[BreachExchange] Disinformation and the CISO

Wed Oct 28 10:42:35 EDT 2020

https://www.infosecurity-magazine.com/blogs/disinformation-ciso/

Whenever we hear about disinformation or fake news, most of us will
either imagine elections, the undermining of democracy, or big
faceless social media corporations doing anything to make some money.

So, the question is, while disinformation may play a role in
influencing individuals, does a CISO have to worry about
disinformation at the organizational level? With all the other plates
a CISO must keep spinning, is disinformation really another thing they
want to add to their list of responsibilities? Unfortunately, it
appears that there is little choice in the matter.

Otavio Freire, CTO at Safeguard Cyber says: “Disinformation is a
cybersecurity issue. It has already been used as a means for brand
value destruction to create divisiveness and conflict within a
company's employees, used as a social engineering lure, and as a form
of ransomware; where if you want the disinfo to stop, you need to pay.

“It is deployed against the company by hacker groups, criminals, and
even nation-states. Security organizations are best equipped to build
the right tools to fight disinformation since they have experience in
defending the company against attacks at scale.”

Quentyn Taylor, director of information security at Canon Europe added
to this, “If we as an infosec community believe that disinformation
isn’t a thing, then we are deluding ourselves as we ultimately guide
and set policy for organizations.”

It’s hard to disagree with Otavio and Quentyn, as all the evidence
points towards disinformation becoming a standard tool of nation-state
actors, cyber-criminals, activists, and all manner of competitors.

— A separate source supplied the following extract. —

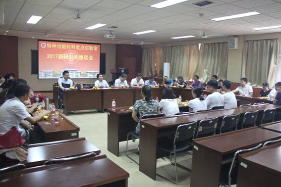 2017年7月2日下午,特种功能材料重点实验室2017届毕业生代表座谈会在二楼报告厅举行。实验室领导班子全体成员及导师代表与会。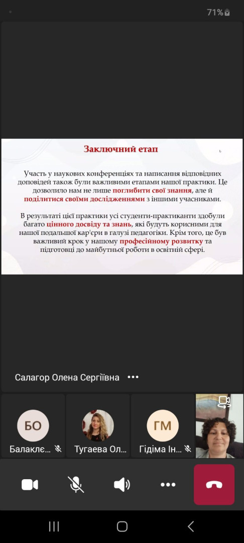 Під час зустрічі здобувачі поділилися враженнями про результати проходження виробничої (асистентської) практики. У своїх доповідях студенти-практиканти зазначили, що практика надала їм можливість спробувати себе у ролі викладача, навчилися оцінювати, аналізувати та проводити заняття відповідно до сучасних вимог. Це є чудовою нагодою удосконалити та апробувати на практиці набуті теоретичні знання, виробити практичні уміння та навички.

Distributed Denial of Service (DDoS) attacks have been a common tactic
by criminals for many years. But as Wayfair discovered, all it took
for one conspiracy theory to take hold, and the organization suddenly
found itself having to fight for its reputation and try to ascertain
which requests hitting their website were legitimate requests versus
those looking to see if there was indeed any truth to the rumours.

Even on a small scale, disinformation can be annoying according to
Shan Lee, CISO at Transferwise, “The type of disinformation that
annoys/worries me is poor security advice, to staff (if it gets past
my team) and in particular to customers. Especially stupid advice
around how to create/remember passwords instead of just using a
password manager.”

Shan touches on an important issue. Although this kind of
disinformation may not be entirely malicious, and it may seem trivial,
the knock on effect of such can be far reaching. A CISO is not just
responsible for securing technology, but also processes and people.
Disinformation over a long period of time can result in a death by a
thousand cuts.

A common tactic of criminals peddling ransomware is to steal data
before encrypting it. Recently, a private psychotherapy clinic in
Finland was hacked, and the therapist notes of potentially 40,000
patients were stolen. The attacker then proceeded to email the
victims, asking each for €200 ransom in Bitcoin.

This on its own is a terrifying prospect for organizations and their
customers, and while in this case it may be true, it’s not too
difficult to imagine a scenario where attackers can claim to have
breached an organization and try to extort money from the
organization, its partners, and customers.

This becomes quite the challenge for a CISO. In such circumstances,
they are immediately put on the back foot. They have to validate
whether a breach has actually occurred or not, and if so, what data
was stolen. Notify regulators, inform customers, agree what the best
course of action is with stakeholders, brief PR agencies, and discuss
it with the legal council. It becomes a wide-scale issue involving
many different disciplines of which the technical side forms but a
small component.

Fighting disinformation may be one of the biggest challenges that
CISOs will face in the coming months and years. We spent much of the
last decade seeing talks about how CISOs should talk to the board, but
in the coming times, we’ll likely see the communication requirements
expand and discuss how the CISO should communicate with everybody, not
just the board. This includes employees, partners, stakeholders, the
press, and the public at large.

In terms of defenses, radical transparency would appear to be the
order of the day. If there’s a breach, or an incident, CISOs should
not let bad guys or circumstances dictate the story. They need to get
ahead of the game and lay out the narrative.

Quentyn added that we should take the advice we give to users around
phishing, and apply it to a wider context. “Be aware of the source, be
aware that people lie, ask yourself is this too good to be true?”